7 Tips for Photographing Awkward Models

Written by Backdrop Express Photography Team on . Posted in Model Photography, Photography Tips

7 Tips for Photographing Awkward Models | Backdrop Express Blog Truth be told, the majority of people who step in front of your camera lens are going to feel at least a little bit “out of their element.” Some will certainly be more challenging than others, but a stiff, nervous, awkward model can be one of your most difficult obstacles to great portraits. You can choose the perfect backdrop, studio lighting and pose, but a forced, inauthentic smile can make all of your other preparations for naught. Fortunately, there are some things you can do to minimize the awkwardness and put even the most nervous models at ease. Here are seven tips for getting the most out of your portraits and inspiring natural, genuine, authentic smiles:

1. Relax Yourself

Nervous energy can be contagious, but so is relaxation. The more calm, collected and centered you can be, the more your subjects will pick up on it and relax themselves. Being well-prepared, on time and confident in your abilities are some of the keys to setting the atmosphere for a relaxed photo shoot.

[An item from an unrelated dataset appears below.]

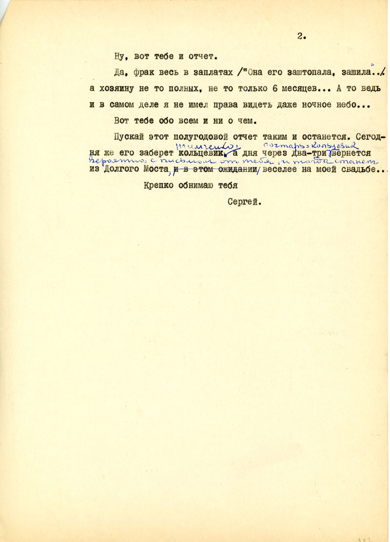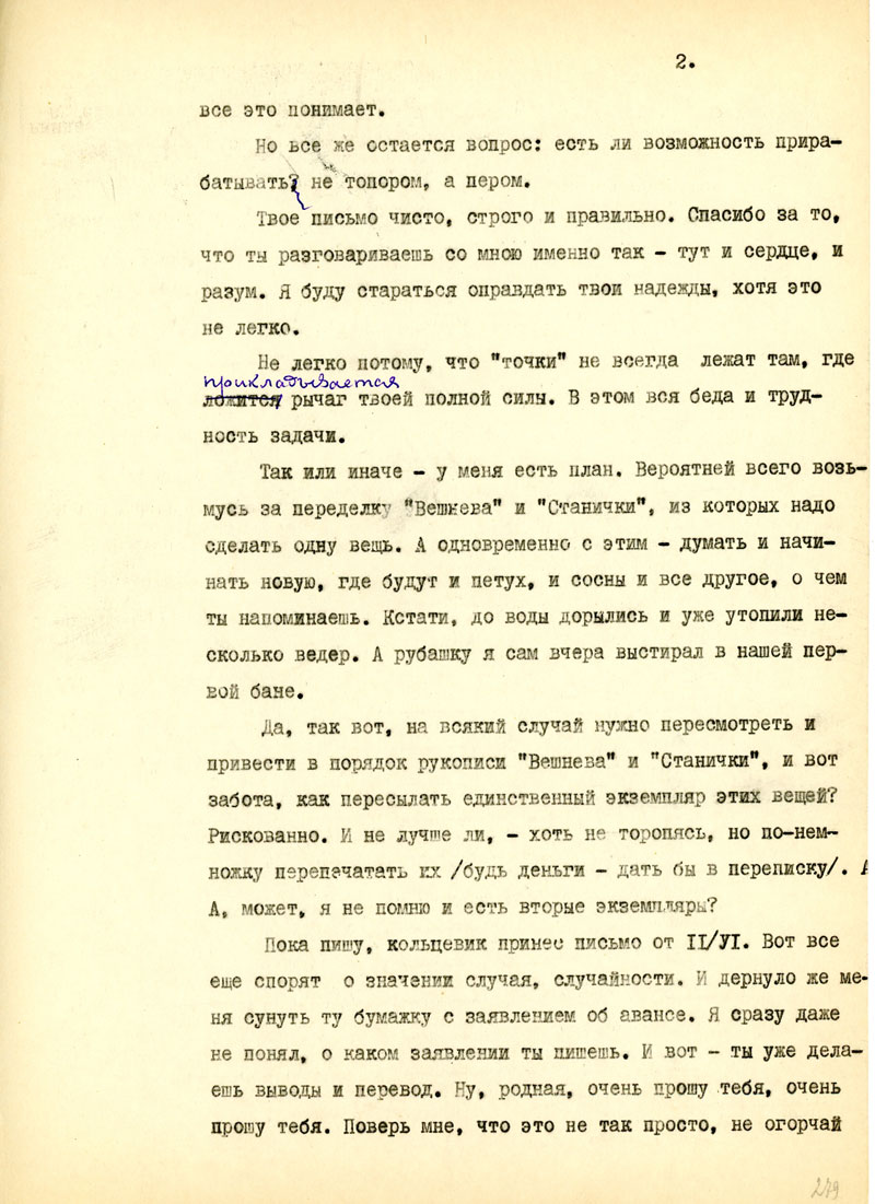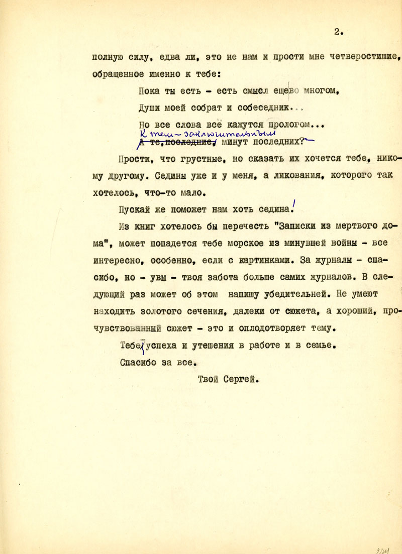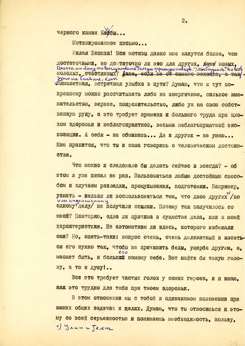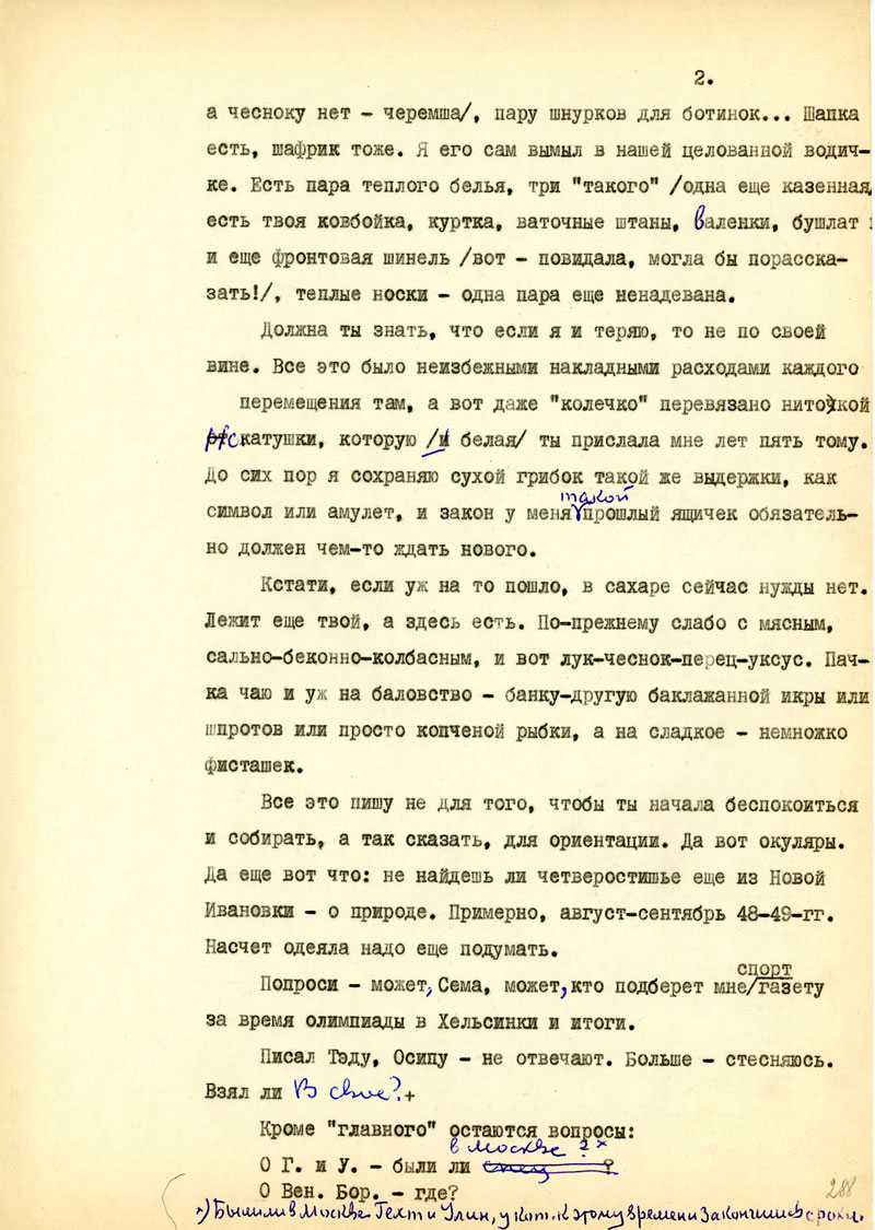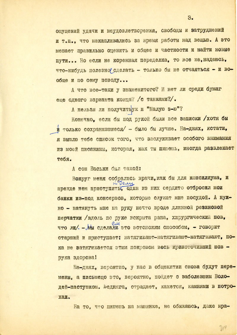 Для начала напиши мне, в каком состоянии мои рукописи, но возможности, полно и точно, с указанием каждой вещи. Не найдешь ли толкового советчика - как подойти к вопросу: возбудить ходатайство перед министром Госбезопасности о разрешении продолжать прерванные работы на материале Отечественной войны /т.е. с этим связан вопрос о более подходящих условиях быта и т.п./. Узнай, имею ли я право печататься /гражданских прав я не лишен, но нахожусь в положении ссыльно-поселенца/.

2. Communicate Warmly but Professionally

Be warm but always professional during the session. Make pleasant conversation; tell a joke now and then if appropriate. Let the model know ahead of time your vision for the shoot including poses, compositions and how you will proceed. Make sure you are both on the same page regarding the intent and desired outcome of the shoot. Give clear, useful posing directions. Consider using a posing app on your smartphone or tablet to call up ideal poses so the model can easily mirror them. 7 Tips for Photographing Awkward Models | Backdrop Express Blog

3. The Art of Positive Distraction

Distraction can be a very good thing if your model is excessively nervous. Get them talking about something they’re interested in; ask questions about their work, their family, pets, the most recent movie they’ve seen, or the latest book they’re reading. Pull their focus away from themselves and their nerves. Tell a funny story about yourself; getting them to laugh will do wonders for settling their nerves and inspiring natural smiles and relaxed body language.

4. Keeping Hands Busy

Anxiety tends to show up in awkward hand movements and positioning. You can reduce this by giving your subject something to hold or play with during the shoot. Busy, engaged hands can go a long way in curbing on-camera anxiety. The item they are holding can be cropped out of the shot, or it can function as an artful prop and become an integral part of the composition. 7 Tips for Photographing Awkward Models | Backdrop Express Blog

5. Posing Stools and Chairs

A posing stool or chair can do wonders for getting a model to feel more comfortable on camera. Make a habit of carrying a stool or chair with you to every shoot. When people are able to sit down, they tend to immediately lose the nervous rigidity they can have while standing. The situation automatically feels less formal, and their entire demeanor will change.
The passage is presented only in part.